The U.S. Supreme Court left it to states to set up their own methods to determine whether a prisoner is competent based on guidelines from the Panetti case. In her ruling, Miller outlined how the evidence in Overstreet’s case fulfilled each of the three thresholds set out by the Supreme Court, Madeira said.
The way Miller reviewed the case and made her decision fulfills the spirit of what the Supreme Court ordered states to determine, Madeira said.
“That is really the Panetti standard. I saw a lot of deference to the determination of psychosis, of documented mental illness even beyond the testimony among the forensic psychiatrists. There was a lot of careful consideration by the judge,” Madeira said.
The state can appeal Miller’s ruling, but the appeal would be a judicial review by the Indiana Supreme Court. Justices would determine whether Miller conducted a proper hearing and whether her ruling was reasonable based on the evidence that was presented. No new information would be presented.
Indiana judges who might hear future competency to be executed cases likely will follow Miller’s model of how she reached her decision since there are no other examples of cases in Indiana and only a handful nationwide since 2007, Madeira said. Miller drew heavily on the testimony of an experienced forensic psychiatrist who evaluated Overstreet and also considered Overstreet’s long record of mental illness in order to form her opinion in the case, Madeira said.
Miller’s level of scrutiny sets a high threshold that could be more difficult for attorneys to prove in cases where death row inmates who might suffer from shorter-term or less severe illnesses than Overstreet’s paranoid schizophrenia, Madeira said.

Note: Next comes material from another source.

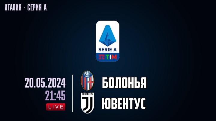20 мая 2024 года, состоялась онлайн трансляция футбольного матча между футбольным клубом Болонья и футбольным клубом Ювентус, проходящего в рамках Серии А чемпионата Италии.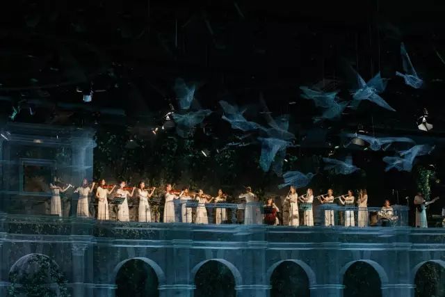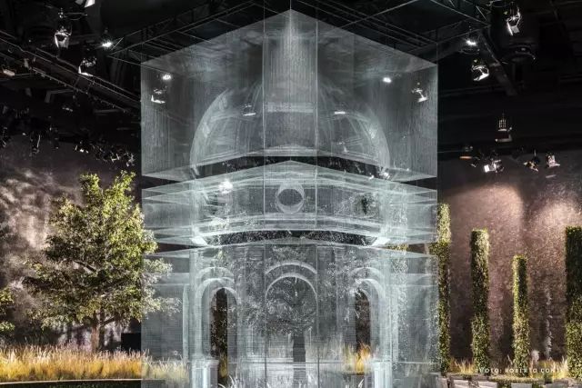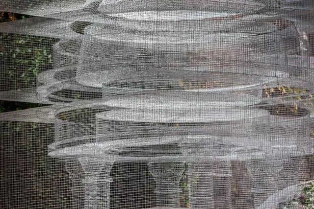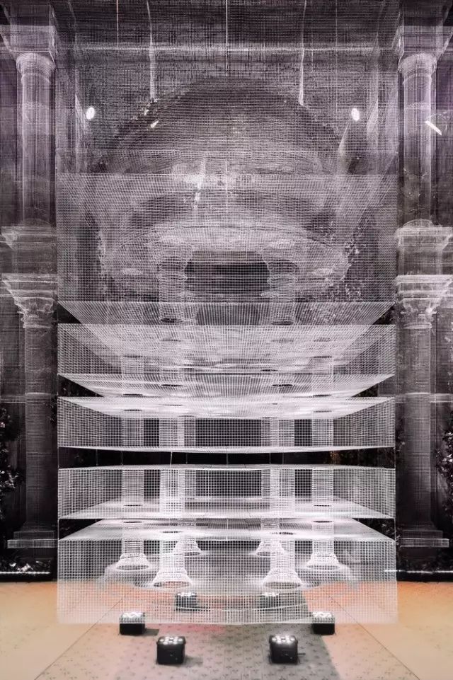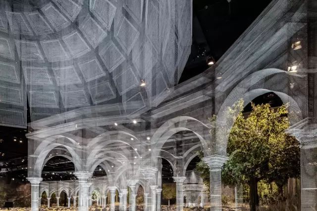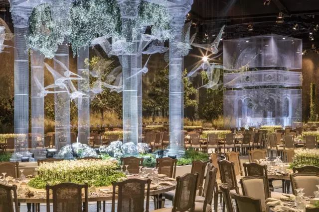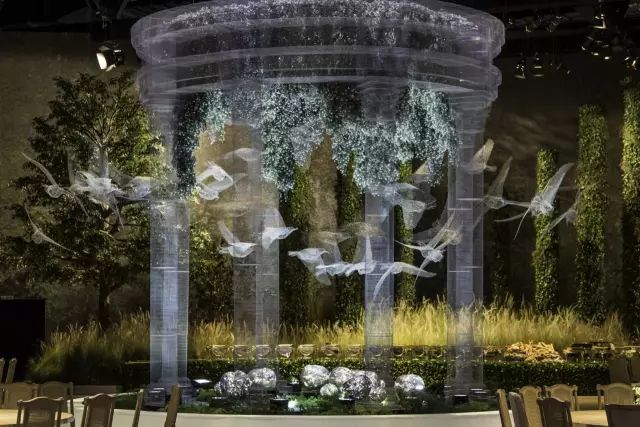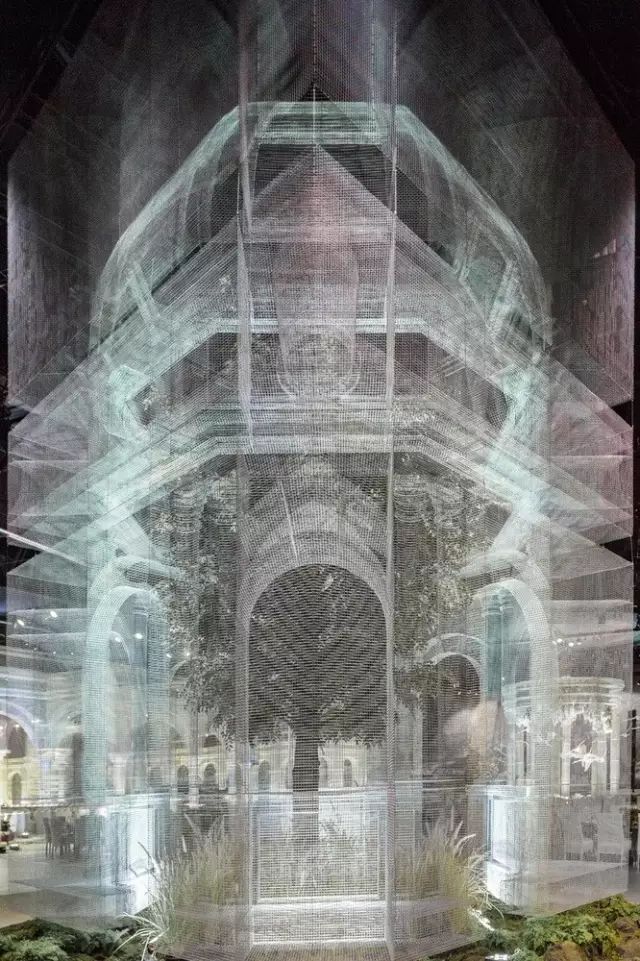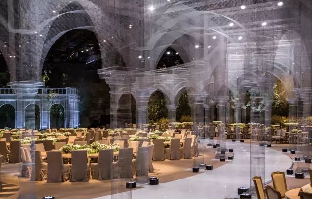 这座被称为“建筑的幽灵”的艺术品,在阿布扎比国家展览中心的皇家婚礼上震惊了在场所有人,设计灵感来源于欧式的古典中庭建筑,却又不局限于古典本身。半透明幽灵般的外观打破了传统的古典主义,让建筑游走在虚与实之间,成群缠绕的飞鸟围着宫殿起舞,为新人送上最美好的祝福。这座透明宫殿建筑是由DesignLab Experience与意大利雕塑家Edoardo Tresoldi在8000平方米的活动空间设计,把图纸一比一打印放在现场,对装置和飞鸟进行定位。Edoardo Tresoldi是一位喜欢利用不寻常的材料来创作的艺术家兼设计师,生动而逼真的雕塑或装置常常令人难辨真假,正如这座虚幻的宫殿,便是用镀锌铁丝制成。罗马式的穹顶和整齐排列的圆柱,Tresoldi将古典与现代的语言融合,一根根巨大的罗马柱撑起的连廊有序的将宾客座位席分隔开,后面的绿植若隐若现,为建筑增添了更多的生命力。这样庞大的钢丝网工程竟全是由手工焊接制作,再将焊接好的每一片进行拼接而成,每个焊接点和角度都做到极致才能造就如此完美的网状宫殿,当灯光打到建筑上,整个场景犹如3D全息投影效果,虚无缥缈中又带了些真实感。

“It’s all based on what the mental illness is and how sudden it has occurred. The Overstreet case, this is a long, long history, and we’re most skeptical as a society and as legal practitioners if this is something that suddenly manifests in jail,” she said.
Cooper said Miller’s ruling will make it more difficult to complete the death penalty process. Not every death row inmate would qualify for a competency hearing, but Cooper said he thinks the decision will encourage inmates or attorneys to try to play up symptoms in an effort to derail a lethal injection.
“It honestly makes me question whether it’s ever worth pursuing the death penalty again. How many millions of dollars and tens of thousands of hours have just been laid to waste,” Cooper said.
If a push for competency hearings becomes more common, it will stretch out the death penalty process for even longer and give more time for a person with a progressive mental illness to further deteriorate, Cooper said. Every extra year and every case that is stopped also reduces the deterrent effect the death penalty is supposed to have on society, he said.
Overstreet’s execution is delayed indefinitely until a time when attorneys could prove he is competent, which would be an entirely new legal proceeding the state has never dealt with, Madeira said.
If doctors were able to find a medication regimen to control Overstreet’s symptoms to where he is consistently lucid and his mental function improves, the courts would need to develop a new method to reopen the case, she said. Judges might be able to use the same type of process that Miller set, except that instead of the defense trying to prove the inmate is not competent, the burden would shift to the state to prove that he or she is, Madeira said.